'The stories collected in Clinton H Stagg’s The Problemist (1915), about New York detective Thornley Colton, are no less entertaining than Bramah’s Carrados tales — and no less improbable, as regards their protagonist’s extraordinary powers of perception. Although blind from birth, Colton has an uncanny ability to describe someone he has never met from seemingly inconsequential details — the colour of a woman’s dress is correctly guessed, on the principle that ‘all stout women who breathe asthmatically wear purple’ and so on.
John Fergusons’s The Man in the Dark (1928) offers a more plausible account of blindness, as its central character, blinded war veteran Sandy Kinloch, finds himself an unwitting witness to the murder of a campaigning journalist. I liked the fact that the novel begins in a London pea-souper (as mine does) —so that the reader isn’t at first made aware that Kinloch is blind. The emphasis on what he can hear, touch and smell adds realism to the portrayal too.
Then there is Bruce Alexander’s Blind Justice (1994) about the eighteenth century magistrate (and brother of Henry Fielding), Sir John Fielding, whose blindness — in this story at least — does not prevent him from solving a complicated locked room murder mystery. In this, he is assisted by Jeremy Proctor, an orphaned boy who acts as his ‘eyes’. The wonderful historical detail in this book, the first of a series about Fielding, makes it well worth reading — as does its convincing portrayal of the central character’s blindness.
There have been blind detectives in cinema and television, too. In the 1971 TV series, Longstreet, set in New Orleans, the eponymous detective, played by James Franciscus, solves crimes — including the murder of his wife — with the assistance of a white German Shepherd called Pax. More recently, Blind Detective (2013), described as a ‘Hong-Kong Chinese action crime/ romantic comedy film’, starring Andy Lau as a blind detective who makes a living solving cold cases, shows that stories about differently-abled detectives still continue to intrigue.'
Christina's new book, Murder at Bletchley Park, the eighth book in the Blind Detective series, is published by Allison and Busby. I'd also like to take this opportunity to mention the books of Vicki Goldie, the Secretary of the CWA, which include Blind Witness and Blind Pool.
10 comments:
What? No mention of Baynard Kendrick's Captain Duncan Maclain? The most important and influential blind detective who inspired the creations of the Longstreet TV series and Marvel's Daredevil.
Don't forget Baynard Kendrick's blind detective, Duncan Maclain!
Baynard Kendrick's Duncan McClain https://thrillingdetective.com/2018/12/21/duncan-maclain/
Good points, thanks all. And you'll be glad to hear that McClain gets a mention in The Life of Crime!

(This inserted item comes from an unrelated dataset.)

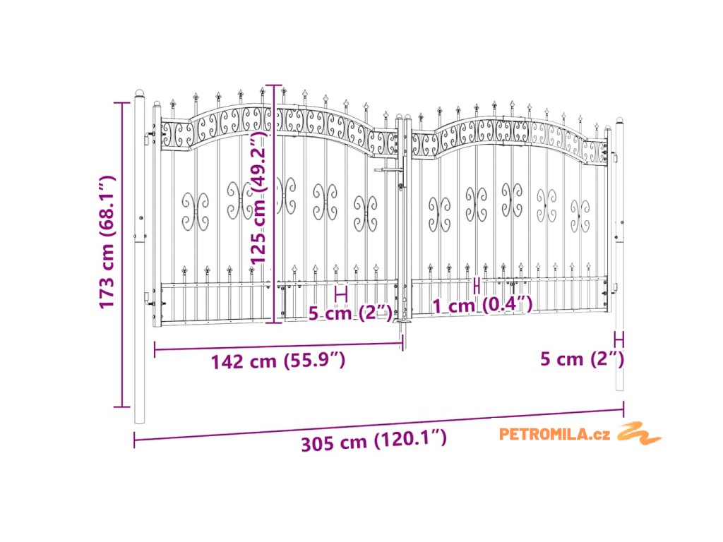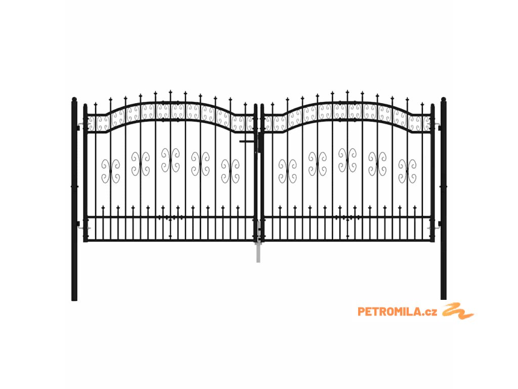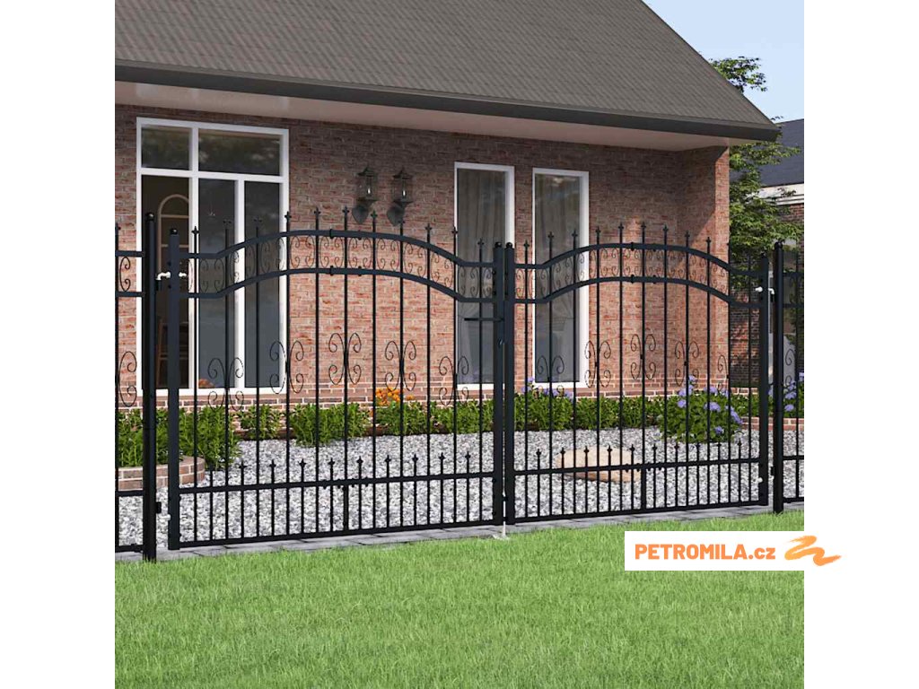 Plotová branka s kopím nahoře černá 305 x 125 cm, práškově lakovaná ocel

Isabel Ostrander, prolific and sadly under-appreciated (and, therefore, hardly ever read) American fiction writer in numerous genres, created blind detective Damon Gaunt in 1914, only one year after the first Thornley Colton story appeared. Gaunt appears in one novel: At 1:30 (McBride, 1915), first serialized in The Cavalier as "Eyes That Saw Not" from Feb 14 through March 7, 1914. He has some of the usual remarkable seemingly supernatural skills of blind fictional detectives. The most outlandish is his claim of being able to determine the exact shade of yellow blond hair can have based on texture alone.
Ah nuts! I tried to leave a comment about Isabel Ostrander's blind detective Damon Gaunt created in 1914 and it appears to gone into limbo. I'm not typing it all over. Maybe it's stuck in your "waiting to approve" comments.
Thanks to all for the heads-up on Baynard Kendrick's Duncan Maclain -- will certainly check this one out.
Hi John, yes, both comments safely received. Thanks very much for mentioning Gaunt. Ostrander was an interesting writer, in some ways ahead of her time. I hope you're well and that you'll be blogging regularly again before long!
Max Carrados?
Anonymous - take a look at part one of the article.